The specific measures imposed on Tesla – oversight and pre-approval – are essentially prophylactic:  to forestall violations of the Exchange Act, just as companies do with their policies in other areas of the law like insider trading or anti-corruption.  It appears that, in the SEC’s view, Tesla should have realized that additional discipline was required to be sure Musk’s communications complied with the Exchange Act, not just filing requirements and Regulation FD, but more importantly in connection with the prohibition on false and misleading statements.  Based on his past conduct – some of which the complaint summarizes – and his unusual personal prominence, Tesla should have anticipated that Musk might release material, non-public information via Twitter and therefore should have taken this into account in crafting its policies, procedures and controls.  If a company evaluates this kind of risk, and imposes proportionate guardrails, then it can hope to prevent violations and, if they occur, to avoid being held responsible together with the offending representative.

It is instructive in that respect that Tesla was not charged with an antifraud violation.  It would be easy to imagine the SEC charging Tesla with violating Section 10(b) and Rule 10b-5, based on the public statements of its CEO, because Musk’s scienter could be imputed to the company through basic respondeat superior principles.  Although Musk acted alone, taking his colleagues at Tesla by surprise, Musk was clearly acting within the scope of his position as CEO.

Of course, the decision not to force Tesla to settle to an antifraud charge may have resulted from the give-and-take in the settlement negotiation.  But it may also reflect a philosophical shift at the SEC, away from the “broken windows” enforcement policy of the past toward a more tailored approach to fit the circumstances.  The SEC may have been satisfied to hold the individual actor (Musk) accountable with a fraud charge, but permit the Company to settle to a non-scienter controls charge focused on preventing future violations and to continue being led by its founder and CEO.  True, the Company itself paid a $20 million penalty, but this may have been the SEC’s reaction to the Tesla Board’s conduct both before and after Musk’s offending tweet.  This tailored approach to enforcement would fit with recent public remarks by SEC Chair Jay Clayton and Enforcement co-Chief Steve Peikin about the SEC’s desire to ensure individual accountability but also be mindful of not inflicting gratuitous harm on shareholders of public companies.  Interestingly, Tesla’s consent to the judgment explicitly bars it from seeking reimbursement of the civil penalty, but Musk has indicated that he will purchase $20 million worth of stock from Tesla in the company’s next open trading window, which will arguably soften the impact on Tesla of the civil penalty.

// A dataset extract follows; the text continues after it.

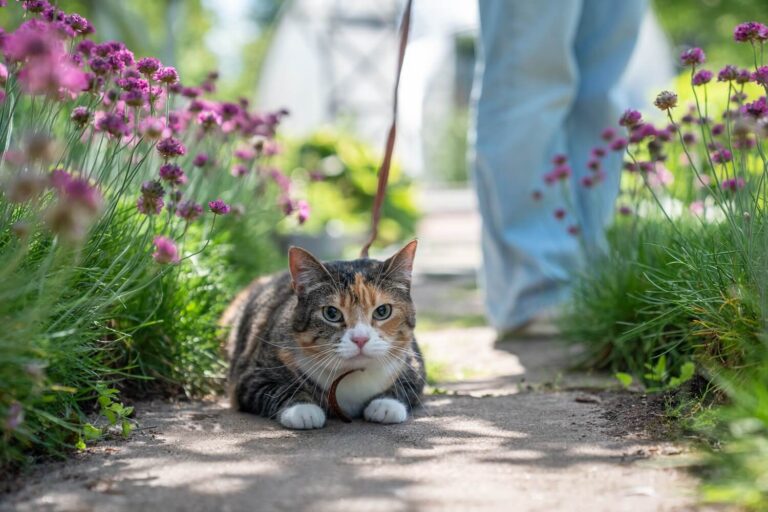 three-colored-serious-cat-on-leash-presses-to-grou-2024-08-08-16-35-42-utc-15...

The specific charge against Tesla was thus failure to maintain disclosure controls and procedures (DCPs) as required by Exchange Act Rule 13a-15.  The application of Rule 13a-15 to the Tesla situation might not seem obvious, because DCPs are defined as relating specifically to Exchange Act filings.  Here there were no Exchange Act filings, and since Musk’s assertions were found to be false and misleading it is hard to argue there should have been Exchange Act filings.  There was also no violation of Regulation FD, since Musk’s Twitter account was an identified channel for disclosures pursuant to Regulation FD.  Nevertheless, the rule requiring DCPs provided a basis for the SEC to impose undertakings designed to prevent future violations.

It’s important to keep that in mind, in order to draw the right lessons from Tesla.  There is no requirement, under Rule 13a-15 or otherwise, that every company must impose oversight and pre-approval on all communications by its officers.  A company might decide, after evaluating the training and practices of its officers, that this is not necessary.  But the Tesla case does provide a warning to companies as well as executives that, depending on the circumstances, additional guardrails in the form of policies, procedures or enhanced controls might be necessary based on specific, identifiable risks.